174  Example: Data with two inputs and two outputs would have a layout in the file as follows:
175  > \[input 1\]\[input 2\]\[output 1\]\[output 2\]\[input 1\]\[input 2\]\[output 1\]\[output 2\]...
176 
177  --useGraph
178  Description: If specified, executes the optimized network by CUDA graph. It helps check if the optimized network
179  works with CUDA graph acceleration.
180  This parameter is optional.
181 
182  --workspaceSize=[int]
183  Description: Max workspace size in megabytes. Limits the maximum size that any layer in the network
184  can use.
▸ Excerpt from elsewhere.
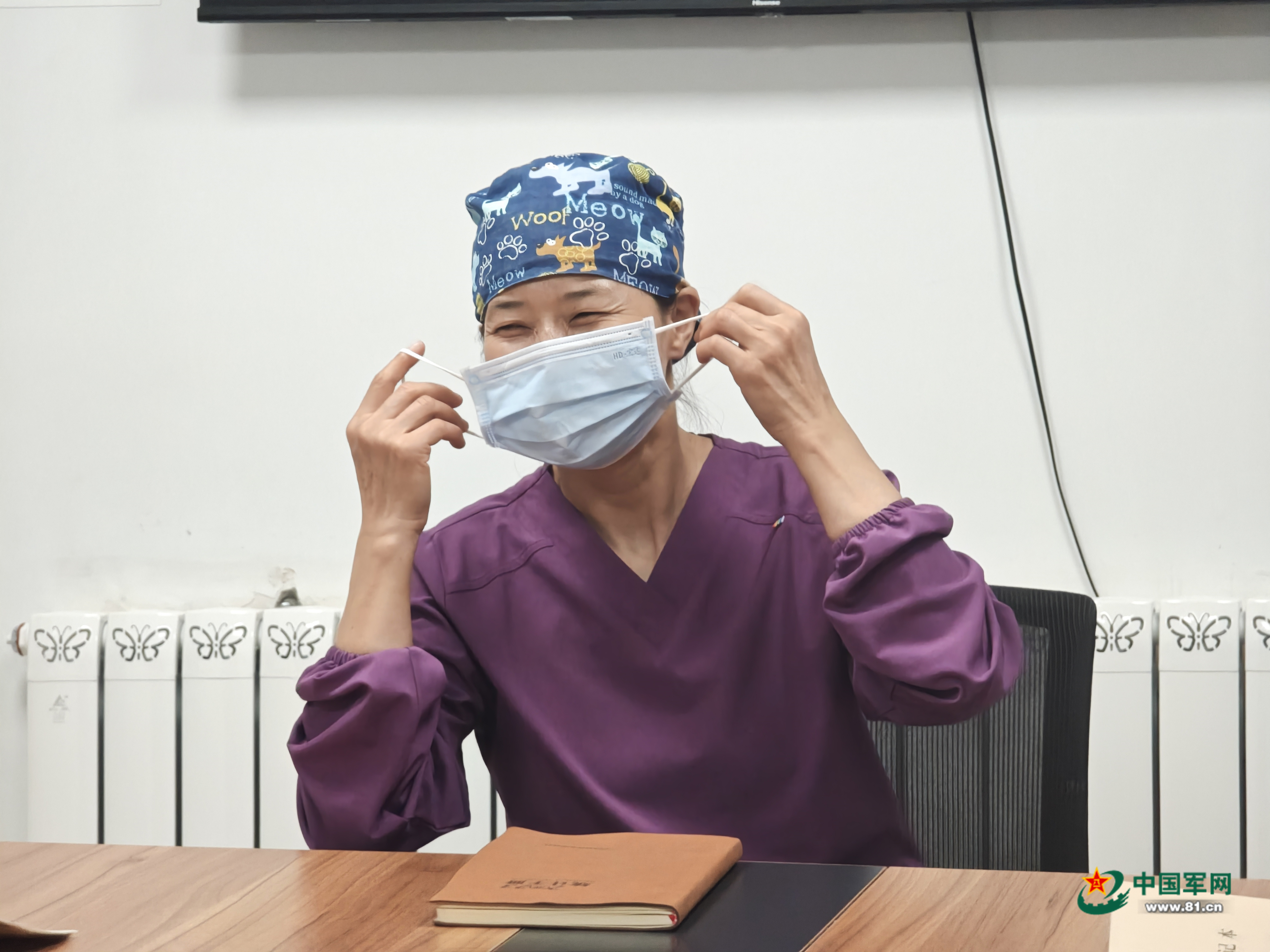 張瑛得知患者情況好轉(zhuǎn)時露出笑容。中國軍網(wǎng)記者 林詩清 攝

If insufficient scratch is provided, TensorRT may not be able to find an implementation for a given layer.
185  This parameter is optional.
186 
187  --explicitBatch=[int]
188  Description: Determines whether explicit batch should be enabled or not.
189  For TensorRT versions higher than or equal to 6.3, if an ONNX model is provided as
190  input, this flag will be automatically set to 1.
191  This parameter is optional.
192 
193 @section dwx_tensorRT_tool_examples Examples
194 
195 @subsection dwx_tensorRT_tool_examples_uff Optimizing UFF Models
196 
197  ./tensorRT_optimization --modelType=uff
198  --outputBlobs=bboxes,coverage
199  --uffFile=~/myNetwork.uff
200  --inputBlobs=data0,data1
201  --inputDims=3x480x960,1x1x10
202 
203 @subsection dwx_tensorRT_tool_examples_caffe Optimizing Caffe Models
204 
205  ./tensorRT_optimization --modelType=caffe
206  --outputBlobs=bboxes,coverage
207  --prototxt=deploy.prototxt
208  --caffemodel=weights.caffemodel
209 
210 @note The `--inputBlobs` and `--inputDims` parameters are ignored if you select the Caffe model type. <br>All the input blobs will be automatically marked as input.
211 
212 @subsection dwx_tensorRT_tool_examples_onnx Optimizing ONNX Models
213 
214  ./tensorRT_optimization --modelType=onxx
215  --onnxFile=~/myNetwork.onnx
216 
217 @note The `--inputBlobs`, `--inputDims`, and `--outBlobs` parameters are ignored if you select the ONNX model type.<br>All the input and output blobs will be automatically marked as input or output, respectively.